Наконец мы благополучно доплыли до Картахены и, сойдя на берег, предоставили свободу гребцам-христианам, дабы вернулись они по домам. Приведя в порядок одежду, направились мы в Сарагосу, хоть Заида и была недовольна, ибо желала принять крещение и выйти замуж сразу же по прибытии в страну христиан — так влюблена была она в своего будущего мужа; и если не поступила она таким образом, то лишь потому, что я мешала, а не потому, что он не желал того же самого.
Вернулись мы в Сарагосу, откуда отбыли шесть лет назад, и направились в дом дона Мануэля.

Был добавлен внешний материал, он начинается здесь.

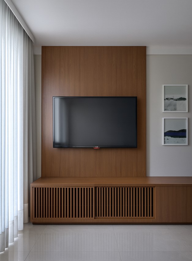 A paleta neutra, marcada por tons quentes de madeira e bases claras, amplia visualmente os espaços e confere sensação de serenidade. A marcenaria sob medida é protagonista: painéis contínuos, volumes limpos e soluções integradas otimizam cada centímetro, trazendo unidade visual e organização.
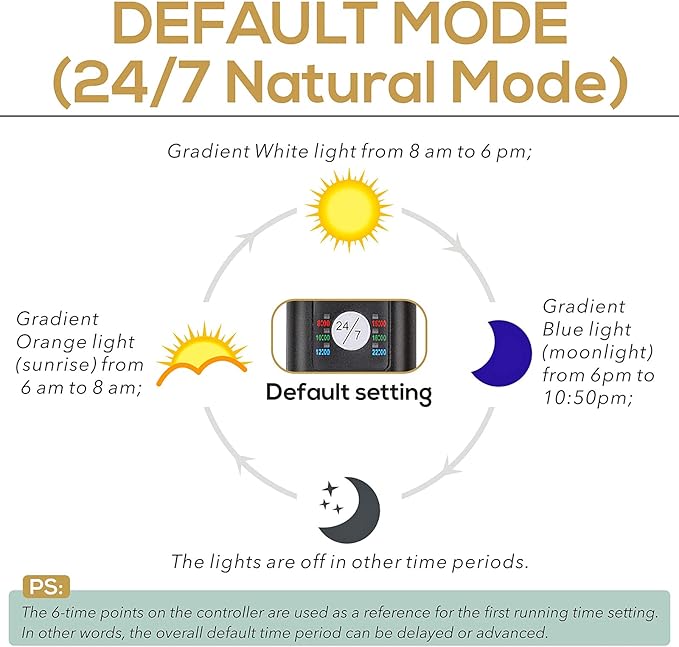 • DEFAULT MODE(24/7 Natural Mode): Gradient Orange light (sunrise) from 6 am to 8 am; Gradient White light from 8 am to 6 pm; Gradient Blue light (moonlight) from 6 pm to 10:50 pm; The lights are off in other time periods. PS: The 6-time points on the controller are used as a reference for the first running time setting. In other words, the overall default time period can be delayed or advanced
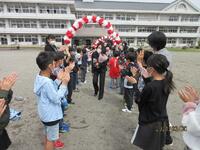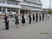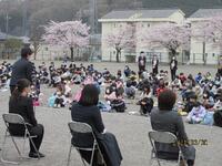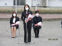 校庭で離任式を行いました。子供たちが、校長先生をはじめ10名の離任される先生方にお礼の言葉をかけてくれました。また、校庭の桜も満開となり、お世話になった先生方を見守っていました。
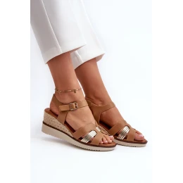Dámské sandály na klínku s proutěním hnědé Starlenna

Мать его умерла, а сестра, донья Эуфрасия, овдовела: муж ее, тот самый кузен, которого она в то далекое время ждала из Индий, погиб на войне от пули, когда она только-только успела разрешиться от бремени сыном. Донья Эуфрасия приняла нас очень радушно, с восторгом и радостью, которые легко себе вообразить. Три дня мы отдыхали, рассказывая друг другу все, что случилось за это время. Подивилась донья Эуфрасия при виде невольничьих клейм у меня на лице (я не сняла их из-за Заиды), но я успокоила ее, объяснив, что они поддельные, а снимать их покуда не время.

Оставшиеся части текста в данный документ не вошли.